Sunday, November 26, 2006
Return to Leather working...
Now that my garden has shut down for the winter with all of the attendent grunt work complete, I decided to continue a previously aborted attempt at leatherworking.
I had decided to embark upon the mystery of leather working last spring, but my attentions were quickly diverted towards the arts of bow-crafting and metal working. Thus, after the consumption of enormous amounts of food over thanksgiving, I clumsily traversed down the basement of my house to fetch several pieces of cleaned rawhide, which had been drying for the last 5 months.
Now animal hides naturally contain high levels of collagen, the elusive protein that tends to make hide twist and contort in many different directions. Obviously we want fabrics to be smooth and pliant, thus more or less fashionable into clothing, containers, shoes...etc. Thus, rawhide needs to be purged of it's collagen, that is, it needs to be tanned. Pre-industrial societies around the planet found several ingenious ways of acheiving this result, none of them are very pleasant to the senses however.

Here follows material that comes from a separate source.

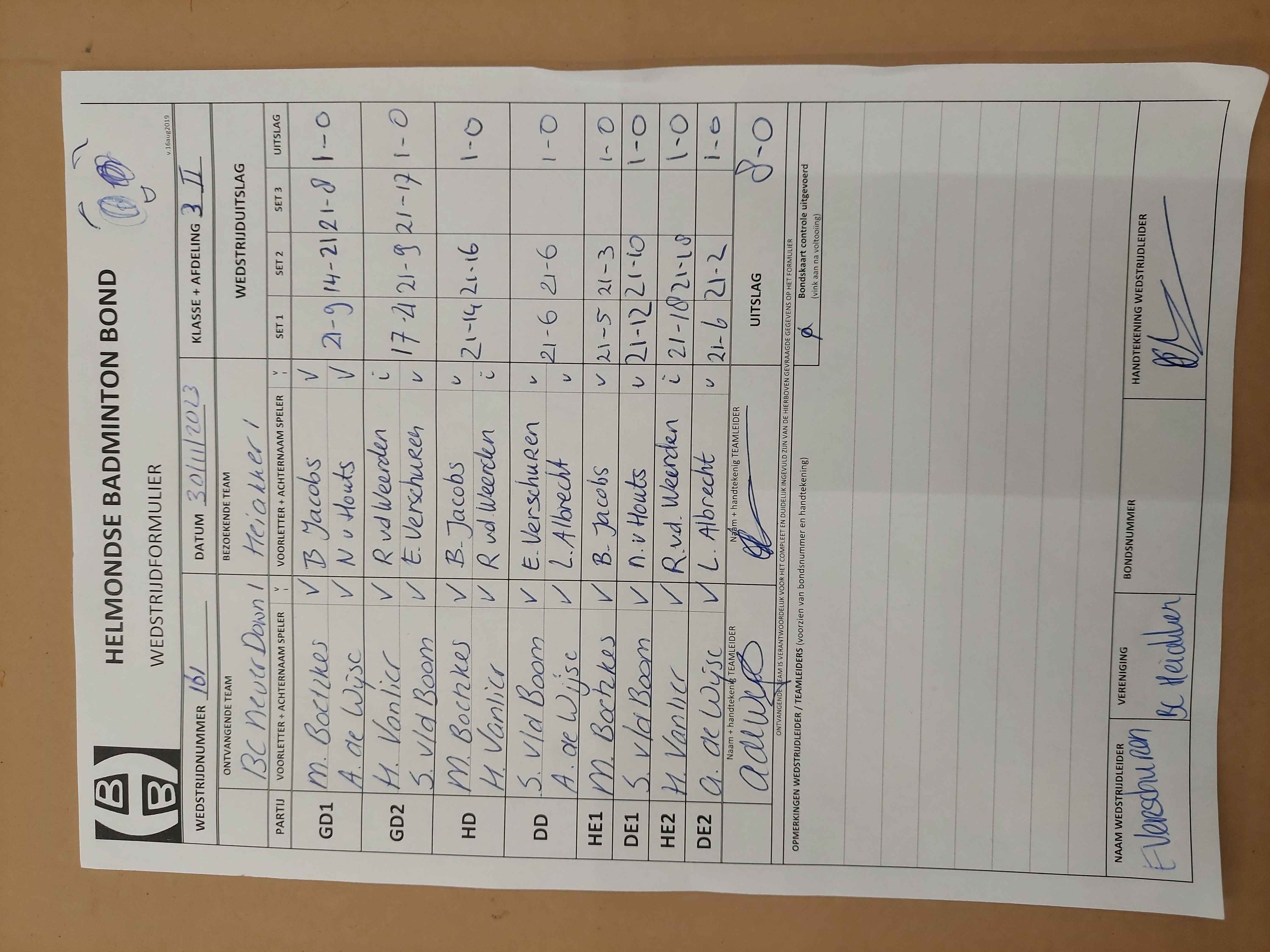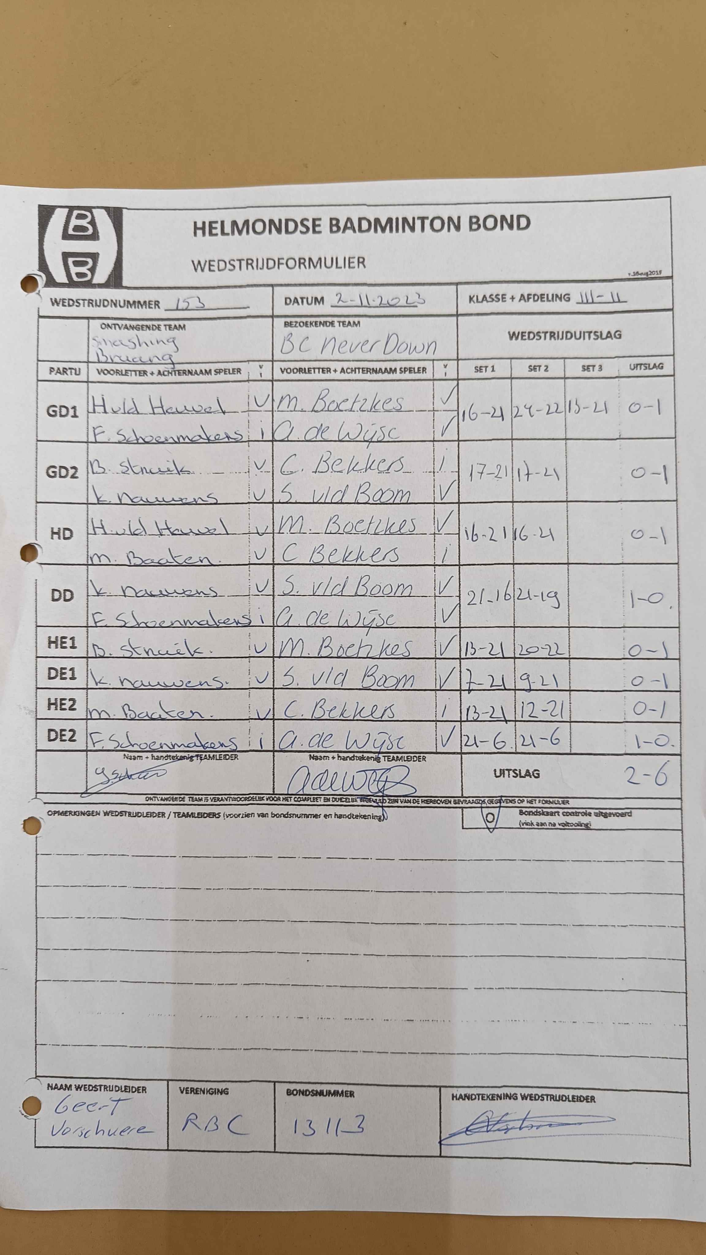 | 156 | do. 16-11-2023 | Never Down 1 | - | Gemert 1 | 3 | 3 - 5 | |||
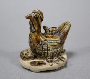 ヒナを周りに9匹、背中に1匹載せ、前に卵を見せた鶏の親で、こちらを見ているような表情にも見え、小品ながら母鳥の凛とした姿が微笑ましい。

Stone age North American Indian cultures tanned their leather by smearing a paste made of animal brains all over a wet piece of rawhide. Apparently, certain enzymes within brains neutralized the contorting effects of collagens. Europeans of the Middle Ages figured out that the alkaloids within wolf dung did much of the same thing...thus your average middle age tannery consisted of strips of hide being smoked by a dung fire.
And then there's the middle eastern method of tanning. They apparently figured out that the bark of certain trees contained tannins which easily leached out the collagens within rawhide. Unfortunately, the leather thus produced were more than a bit poisonous to eat.
Thus, when all things are considered, I took the middle eastern option. I gathered all the left over maple and oak branches and shrubbery from last week's compost making and boiled them down. To this potion, I added sheets of rawhide. After hours of this boiling, the hard rawhide absorbed the reddish brown tannin elements and became soft and pliable. Drying took hours more.
I took a small strip of this leather and quickly fashioned the material into an ancient shepard's sling. The leather was very workable. It was easily cut into the right shape and held it's shape and dimensions with surprising durability. Just playing around with the sling, I managed to easily chuck stream pebbles out to 100 yards with it. The creation of the leather took at least 20 man hours of scraping, cleaning, boiling and drying. But the actual utilization of the material to create a very functional tool/weapon took less than 10 minutes.